The first chart in Stephen Emmott’s ‘10 billion’ shows the world’s population for the last twelve thousand years. The growth is concentrated in the last couple of centuries. The choice of axes means that the human eye sees the recent increase as rapid, and increasingly so. We are supposed to panic.
Stephen Emmott's chart of world population
(Source: this graph appears to originate on Wikipedia, where it is called population_curve.svg.)
This is an extremely misleading chart. In fact, human population growth has slowed markedly and consistently since the late 1960’s. The rate peaked in about 1968 at around 2.1% but is now approximately 1.16% per year. (The lower levels at the start of the period the effect of starvation induced by Mao’s Great Leap Forward). In all but one year in the last twenty five the growth rate of population has fallen.
Source: UN World Population Prospects: The 2012 revision
Long run projections from the UN Population division suggest that the world population will continue to grow increasingly slowly until it peaks at some point just after the turn of the next century. By that time the globe will be home to about 10.5 billion people, or about 50% more than at present.
Of course, forecasts are only forecasts. Why should we have any confidence that the UN’s numbers are even roughly correct? Because many individual countries have gone through what is known as 'the demographic transition' in the last one hundred or so years. Before the transition, death and birth rates are high and roughly equal, meaning population is stable. Then economic development begins and death rates fall. Population grows. Some time later, birth rates also fall, and after a period population growth falls, often quite rapidly.
European countries all went through their demographic transition at some stage in the last 150 years. The growth rate of European population fell from about 1% per year in 1950 to below 0.1% today. Many Asian and American countries have also stopped growing rapidly.
Another way of looking at the likely increase in future population is to track the number of children borne to the average woman. If each women has a large number of children, then population is likely to grow rapidly. Those countries in which the fertility rate falls below about 2.1 children per woman will eventually experience falling population. The number of children isn’t sufficient to replace the existing number of inhabitants.
Many people, including Professor Emmott, seem not to release how steeply and consistently the number of children per woman has fallen in most countries of the world since the 1960s. The current rate – about 2.5 – is high enough to cause population to continue to rise for several generations to come. But the rate of fall in global fertility is sufficiently fast to make it likely that the rate will decline to below 2.1 children per woman within the next twenty or thirty years.

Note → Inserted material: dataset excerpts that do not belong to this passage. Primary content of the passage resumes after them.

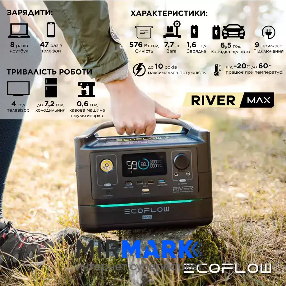 Описание на Портативная зарядная станция EcoFlow RIVER Max (576 Вт·ч), 600 Вт, 576Вт/час, Li-NCM: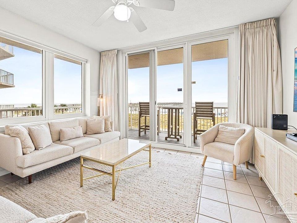 IT’S ALL ABOUT THE UNOBSTRUCTED GULF-FRONT BEACH VIEWS! Wake up to the soothing sound of waves, watch dolphins play in the surf, and enjoy breathtaking sunrises over the incredible Gulf of America. Furnished and recently updated East Corner 3-bedroom, 3-bath condo offers panoramic views, abundant natural light, and a true coastal living experience. Step inside to an open-concept layout featuring a spacious living and dining area, and a fully equipped kitchen with solid surface countertops, stainless steel appliances—including a smooth-top double oven range, microwave, and refrigerator. Tiled flooring runs throughout the main living areas, complementing the bright and airy design. The Gulf-front master suite opens directly onto balcony and features a luxurious en-suite bath with double vanity, makeup area, garden tub, and separate shower. All bedrooms are tastefully furnished with coastal-inspired décor, and the unit comfortably sleeps 8 (King in master, Queen in guest room, and two Twins in the third bedroom). The dining area seats 6, with room for 4 more at the breakfast bar. Enjoy sweeping views from the wraparound balcony— of the Gulf Pier and the Santa Rosa Sound—perfectly furnished with high-quality Polywood outdoor furniture. Exceptional opportunity as Vacation Home or Vacation Rental Investment or Primary Residence. Located in the sought-after Summerwind complex, you’ll enjoy 450 feet of pristine beachfront, three Gulf-front pools (one heated in winter), three hot tubs, private beach walkover, fitness center, outdoor grills, and on-site security Whether you're fishing off the longest pier on the Gulf Coast, snorkeling, deep-sea fishing, shell hunting, or simply relaxing with a book by the beach—this is the lifestyle you’ve been dreaming of. Navarre Beach is only four miles long and one of only ten beaches in the nation protected as a National Seashore. It's definitely "Florida's Best Kept Secret and Most Relaxing Place" conveniently located between Destin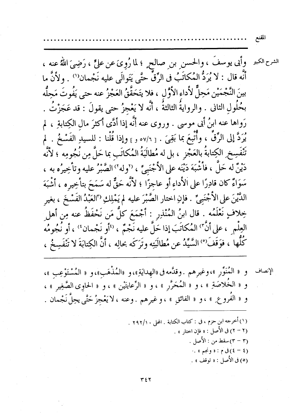 و «المُنَورِ»، وغيرِهم. وقدَّمه في «الهِدايَةِ»، و «المُذْهَبِ»، و «المُسْتَوْعِبِ»، و «الخُلاصَةِ»، و «المُحَرَّرِ»، و «الرِّعايتَين»، و «الحاوي الصَّغِيرِ»، و «الفُروعِ»، و «الفائقِ»، وغيرِهم. وعنه، لا يَعْجِزُ حَتَّى يحِل نَجْمان.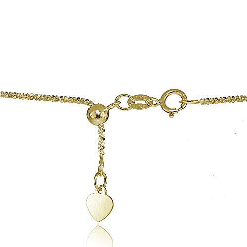 This Italian anklet features a rock rope design in 14k yellow gold, 1.3mm wide. It showcases an adjustable clasp with a dangling heart for design and fit. It opens with a spring ring clasp. The bracelet extends up to 11-inches.
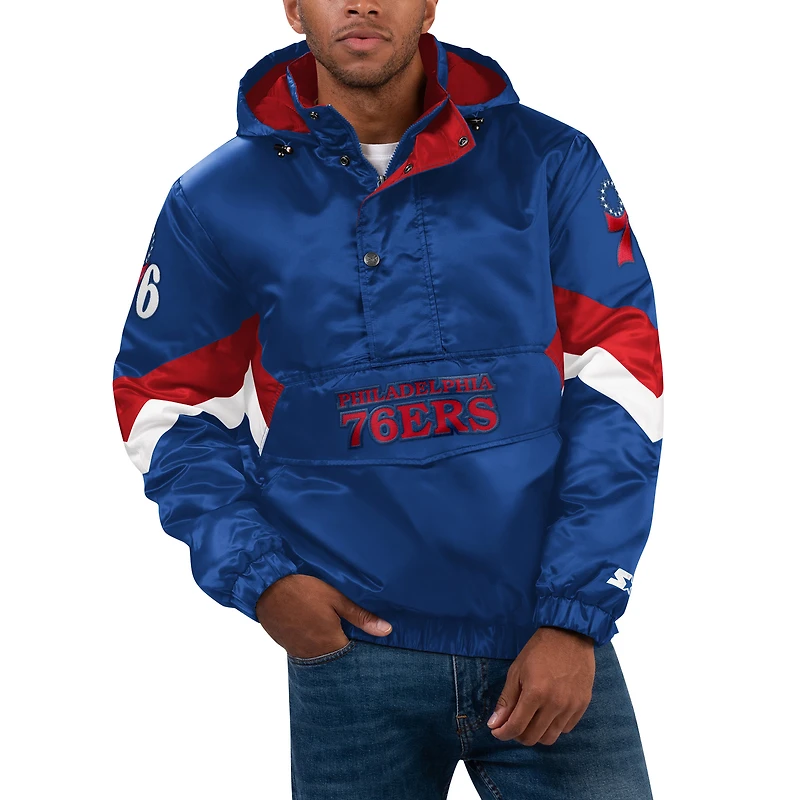 Represent your Philadelphia 76ers with style and comfort in this Starter Force Play Satin Hoodie Half-Zip Jacket. This midweight pullover features embroidered Philadelphia 76ers graphics and a front pouch pocket for convenient storage. The zippered detachable hood and adjustable toggles provide extra protection from the elements, while the elastic cuffs and bottom hem ensure a snug fit. Whether you're courtside or watching from home, this pullover will keep you warm and stylish while you cheer on the Philadelphia 76ers.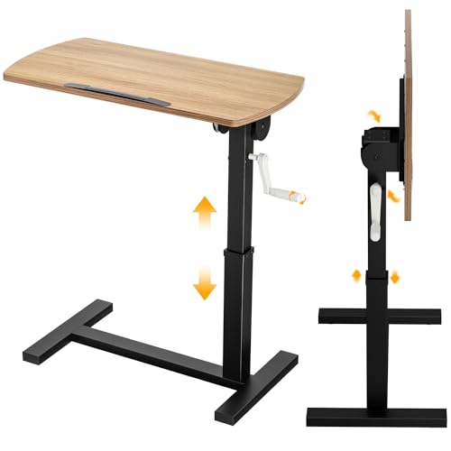 サイドテーブル 昇降式デスク 在宅ワーク PCデスク 高さ無段階調節 介護用 ベッドテーブル (角度調整 木の色)

Strikingly, almost 50% of the world’s population lives in countries in which women have less than 2.1 children. This statistic needs to be remembered when we think about population: half the globe is going to see falling population relatively soon. The table below lists the current fertility rate for the biggest countries in the world
In seven out of the ten most populous countries, the fertility rate is already at or below the replacement level. (This doesn’t mean population is declining yet but – absent inward migration – it does mean that the growth rate will fall below zero within a generation or so).
The countries with very high fertility rates are mostly in western Africa. In Niger, singled out for particularly disparaging comments by Professor Emmott, women have an average of seven children and this number shows little sign of declining fast. But in most other places, fertility is falling, often rapidly. Despite what Stephen Emmott says, there is no general world population problem. Nevertheless, we should have real concerns that in a small number of countries, almost all in Africa, attempts to cut population growth have not yet been successful. That doesn't mean that they don't recognise the problem and aren't doing something about it.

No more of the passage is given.